On they tumble into a relationship that's as polite and passionless as the Queen's Christmas address. But they click intellectually—discussing mostly religion and literature in the play—and they grow closer. Joy soon divorces her philandering American husband and agrees to a "technical marriage" to Jack that will allow her to remain in England. Only when she's diagnosed with bone cancer and almost dies does Jack realize what it will mean to lose her. He proposes "real" marriage and, when she enjoys a brief remission, takes her away for a honeymoon in Greece. They will spend only four years together before her death at age 45. (Lewis' death and Aldous Huxley's on November 22, 1963, were barely noted by media busy covering the JFK assassination.)
That all sounds sort of Barbara Cartland by way of Evelyn Waugh, but Shadowlands, first seen as a PBS TV play in 1986 starring Joss Ackland and Claire Bloom, doesn't pour the pathos on too thick. Nicholson's script is admirable in its economy. Scenes never drag on too long. And just when we need a laugh, the playwright provides one. In the honeymoon sequence, Jack, blushing from another passionate night with his wife, admits to her that as a young man he thought room service meant "saying prayers in bed."

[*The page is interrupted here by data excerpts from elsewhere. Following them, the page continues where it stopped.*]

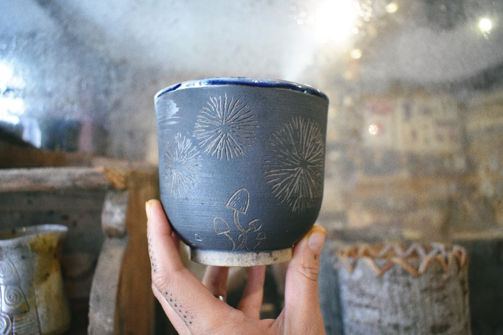 L’été dernier je mettais déjà rendue chez David pour une première expérience de gravure sur poterie : ICI
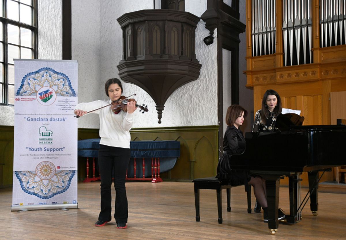 Мастер-класс прошел в Зале камерной и органной музыки Азербайджанской государственной академической филармонии имени Муслима Магомаева в рамках III Международного конкурса молодых исполнителей классической музыки и фольклора WORLD HARMONY ("Мир гармонии").
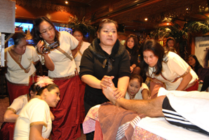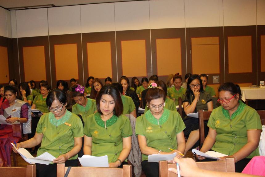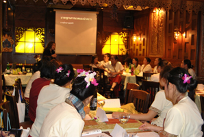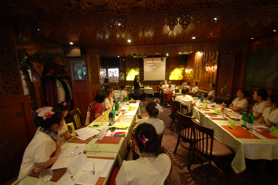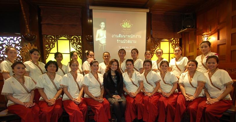 Zur Weiterbildung der Mitarbeiterinnen veranstaltete Bua Siam einen Workshop im Oktober 2010 mit Informationen zum Wellnessmarkt und praktischen Massageübungen.
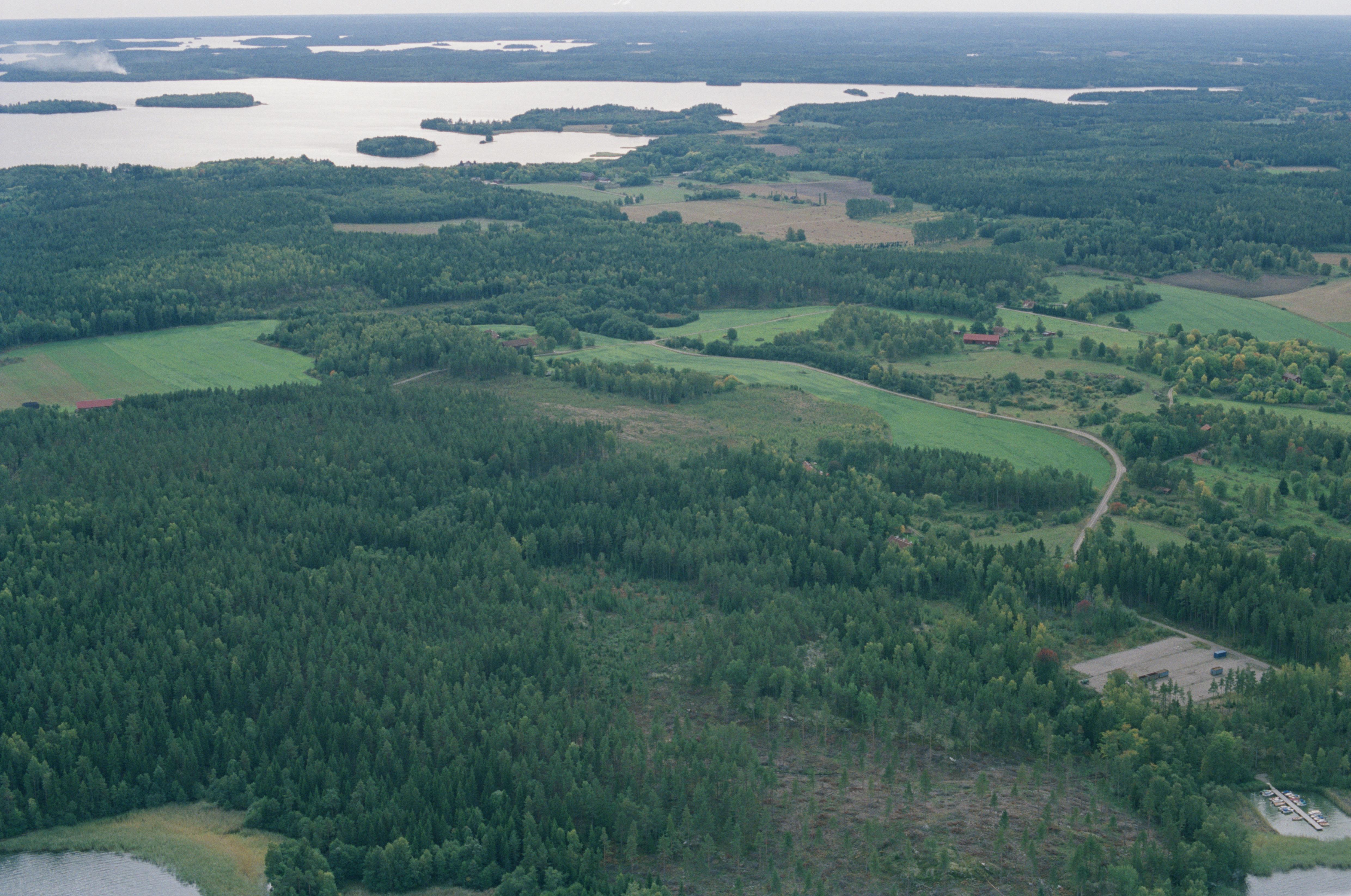 Beskrivning: Näsbyviken / Ringsösundet i Mälaren. I bildens nedre del Ropudden med stensättningar, bl.a. RAÄnr Ytterselö 105:1-3. Näsby tegelbruk vid bildens mitt. I bildens övre del området vid Mälsåkers slott. Bilden är tagen mot (väderstreck): S
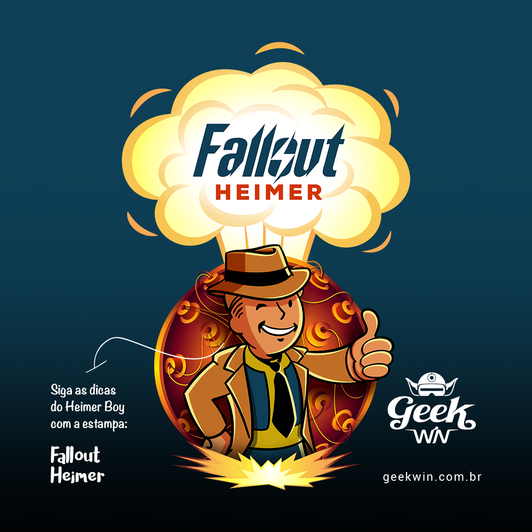 Atrás dele, a bomba que mudou o mundo para sempre, um lembrete constante das escolhas que moldaram este cenário pós-nuclear. O lettering "Fallout Heimer" une o universo de Fallout com um toque de criatividade, pronto para conquistar corações geeks e entusiastas do apocalipse.
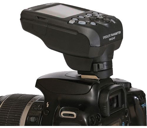 Convenience features include flash exposure lock, AF beam focus assist, modeling strobe and 9 custom functions. The YN-E3-RT transmitter will run for 10 hours of continuous use on AA/LR6 alkaline batteries. A power saving function shuts the unit down after being idle for 5 minutes to conserve batteries.
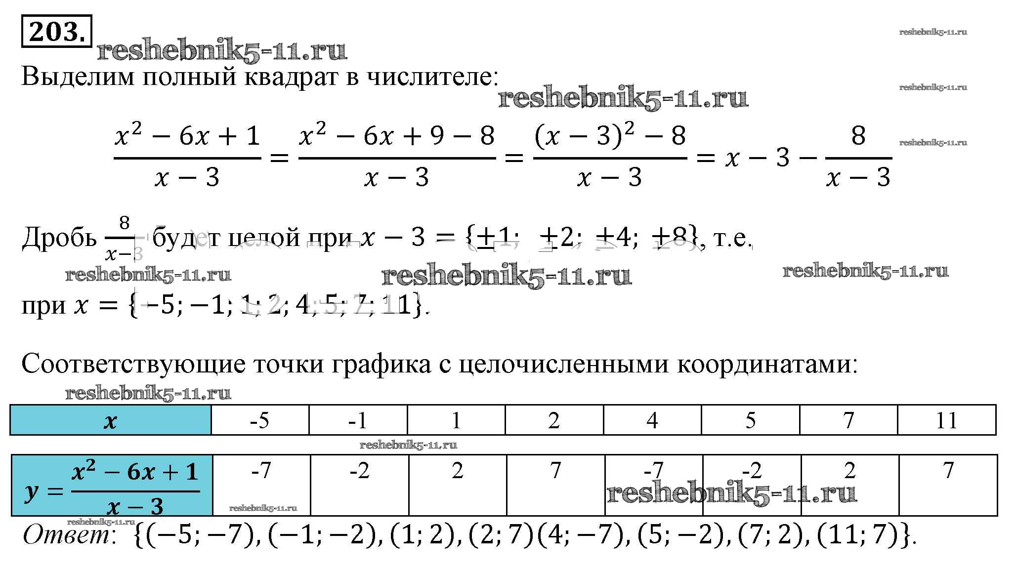 Готовая домашняя работа с ответами по Алгебре за 8 класс Макарычев, Миндюк, Нешков, Суворова Учебник Просвещение 2016 ФГОС - Упражнения 203
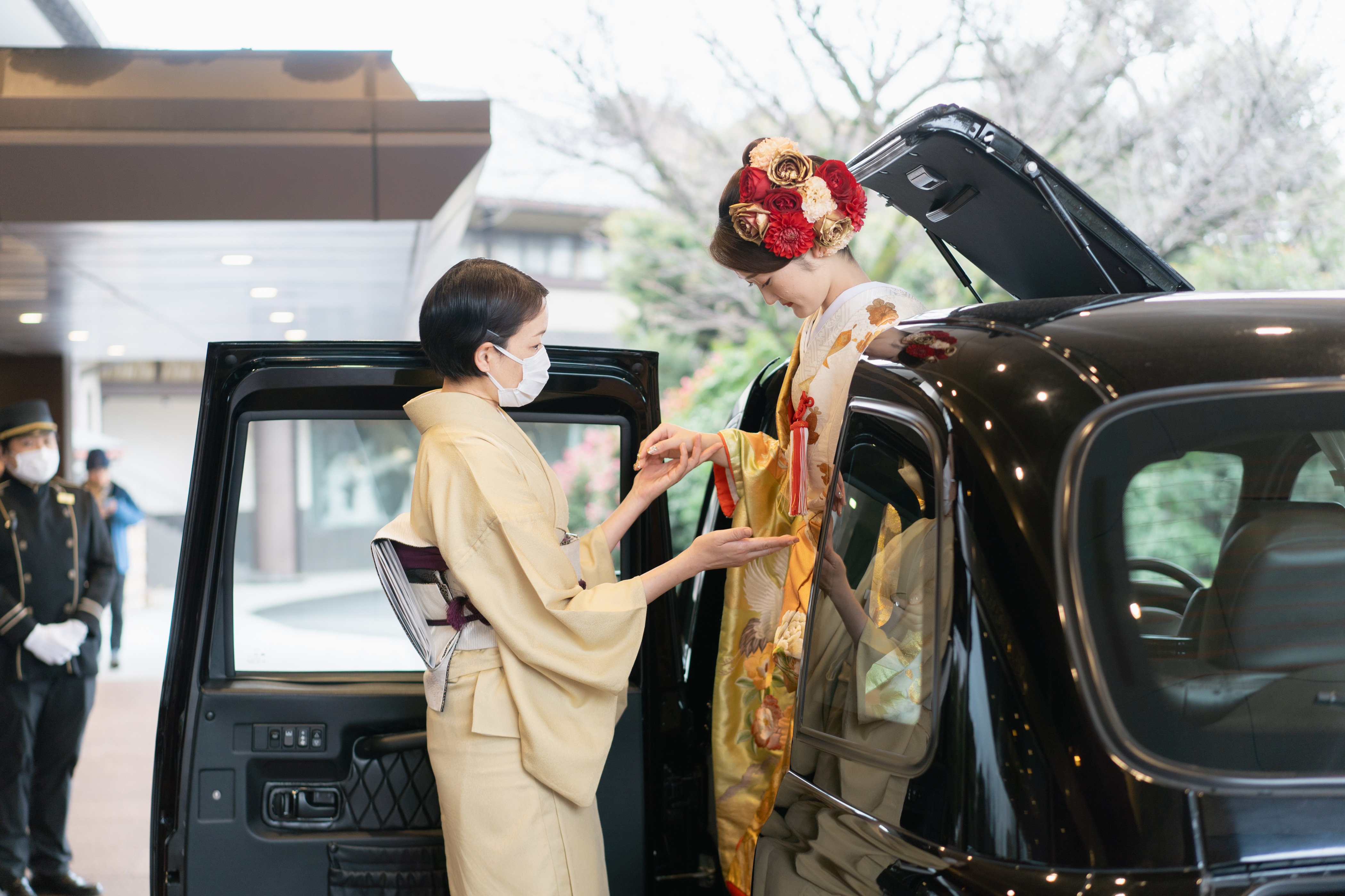 新郎新婦専用の移動車で明治記念館へ
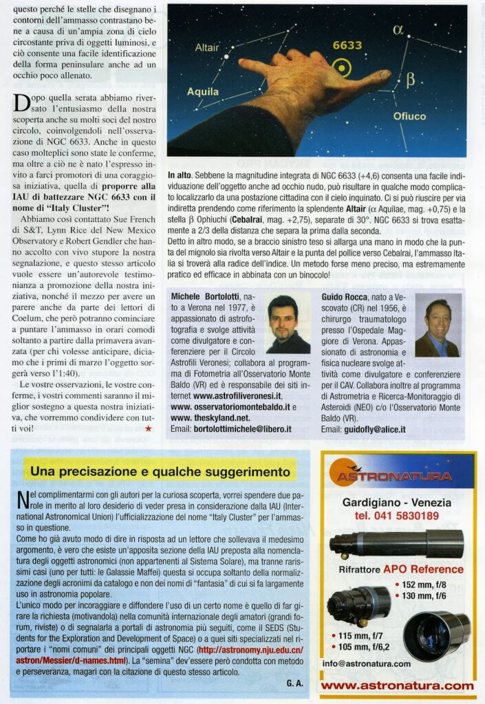 L’osservazione dell’Ammasso Italia è un’esperienza emozionante e accessibile. Situato nella parte nord dell’Ofiuco, può essere individuato ad occhio nudo e osservato con facilità utilizzando binocoli o telescopi dotati di oculari grandangolari. NGC 6633 è stato scoperto nel 1745 da Philippe Loys de Chéseaux, ma è stata l’osservazione attenta di Michele Bortolotti a rivelare la sua sorprendente somiglianza con l’Italia.
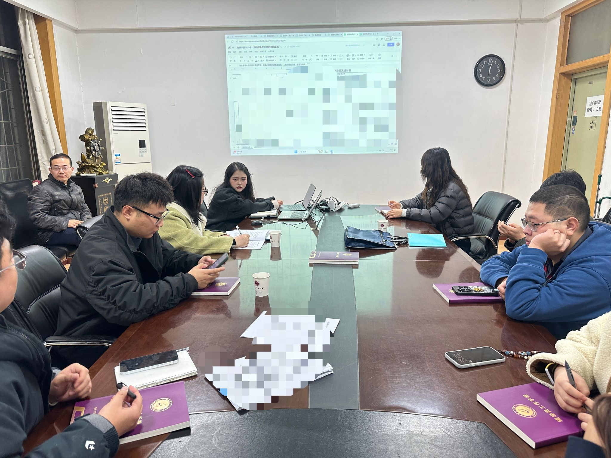 会上,全体辅导员对重点关注学生的情况进行汇报,详细介绍了各自负责学生的近期心理状态、潜在风险点及已采取的干预措施。刘洋针对学生情况,提出了针对性的建议与解决策略,鼓励大家采用更加个性化、精细化的工作方式,确保每位学生都能得到及时、有效的心理支持。会议期间,与会人员还就如何加强校院两级心理健康教育的联动机制进行了讨论,旨在构建一个更加紧密、高效的心理健康支持网络。杨少博总结指出,全体辅导员需持续增强心理健康教育的责任感与紧迫感,严格执行“一生一策”制度,确保学生心理健康工作的系统性、科学性和实效性。
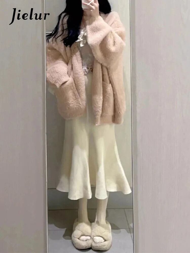 送料無料 Jielur 冬無地スリム女性カーディガン甘いシックなカーディガン女性ピンクニットセーター女性 大人ガーリー スウィート キュート カジュアル ウィンター 冬物 ソリッドカラー AE12188787888403909351

There's a lovely glow to the connection between Crawford and Worman as Jack and Joy. Watching their characters' late-in-life romance blossom, we're happy when they're happy and sad when they're sad. These two never hit a false note. Affection infuses their playful bullying. Love scenes unfold with quiet honesty. Here are two mature actors throwing themselves into roles with real passion and no fear of looking foolish. Crawford, making his CTD debut after appearances at many other Dallas theaters, possesses the jowly, tweedy sexiness of the older Albert Finney. Worman, usually cast as a braying trailer-park mama or tweaky drug addict, is almost unrecognizable as Joy, a character smarter, sweeter and somehow even taller than anyone else she's played in recent seasons.
The next best work in Shadowlands comes from young Taubert Nadalini as Joy's son. The Highlander School sixth-grader is an accomplished singer and actor, with professional credits at Dallas Summer Musicals and Dallas Theater Center. His sorrowful final scene with Jack is made even more moving by the younger actor's stillness in his grief.
Contemporary Theatre is known for devotion to detail on the technical side of its productions, so it was surprising to see the shallow, almost all-black set, furnished with just a couple of simple chairs and a small desk. But like that door at the back of C.S. Lewis' fictional wardrobe in the Narnia fantasies, the set, once the play begins, becomes a gateway to magical other worlds. As the characters change, so does the scenery. The back wall and towering side panels provide stunning, magical images that stretch the dimensions of a small stage. Dallas' best scenic designer, Randel Wright, is a whiz at interpreting the mood of a play in three dimensions. There's a moment at the end when a door opens, a tree limb bends and...sniffle, sniffle.
They're going to need truckloads of tissues for this show.